[lit-ideas] Re: Wonder of Whizz and Shakespeare the Thinker
- From: David Ritchie <ritchierd@xxxxxxxxxxxxx>
- To: lit-ideas@xxxxxxxxxxxxx
- Date: Wed, 22 Aug 2007 22:07:16 -0700 (GMT-07:00)
Two point four whizzy-bits of speed, just chew on that, and a screen that you
have to search to locate where your eyes should be pointed, and an ipod and a
new printer. I am *so* up-to-date. Quick, ask me my opinion of something
really up-to-date, "Forever Twenty One," for example.
Well, since you asked, "Forever Twenty One," which is a store, should
be prosecuted for having a big sign at the entrance saying, "$3.99 and up."

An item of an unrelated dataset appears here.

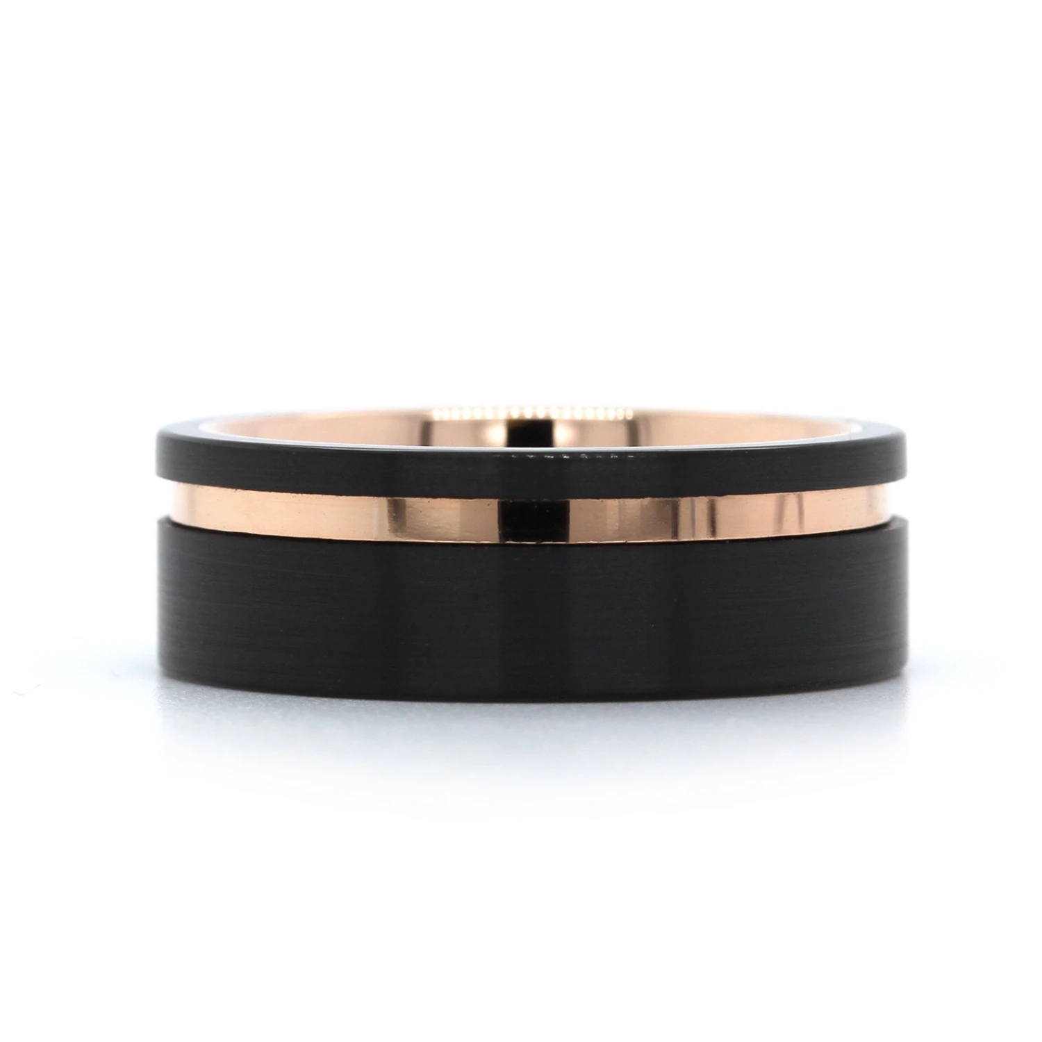 Tungsten band with high polished rose tungsten interior, stripe and black tungsten brushed finished exterior.

What, I asked the first person I met, costs three ninety nine? "Perhaps
something on the clearance rack at the back of the store," she hazarded. Well
hazarded is about right for, having paid for a new computer I was in the mood
for some savings. Nothing, nada, zip on the rack at $3.99. Something should be
done.
(Footnote: I was actually only carrying the wallet; it was my daughter who
wanted to investigate the store.)
Why do I have an ipod and a printer? It's Mac's back to school (and in
"school" they include professors) deal. Buy a whizzy, bit-stuffed piece of
elegance... get an ipod and a printer, after jumping through only several
thousand rebate steps.
And what about the old beast? Pronounced by the repair specialists beyond
redemption, absolutely ready to be take out behind the barn and introduced to
the business end of the duck punt gun. I'm not at all sure that I'm going to
get my mail files away from its death grip.
Meanwhile, a sad note. Passing time this evening, I opened the "New Yorker,"
turned to the book reviews, chanced upon "Shakespeare the Thinker," by A.D.
Nuttall. The review is a good one, a study "rich in unexpected
juxtapositions"...analysis which, "never pulls too far away from the action
onstage." It concludes, "the Shakespeare who emerges here is a 'systematically
elusive' intelligence, whose brilliance lay in his ability to join
'verisimilitude to wonder.'" That might equally describe Nuttall, a man I
didn't come close to understanding but who I thought kind of wonderful when he
was my personal tutor at Sussex. The review began, "Nuttall, who died earlier
this year..."
He kept a bottle of sherry in his filing cabinet. When I run across some
sherry I'll have a drop in his memory.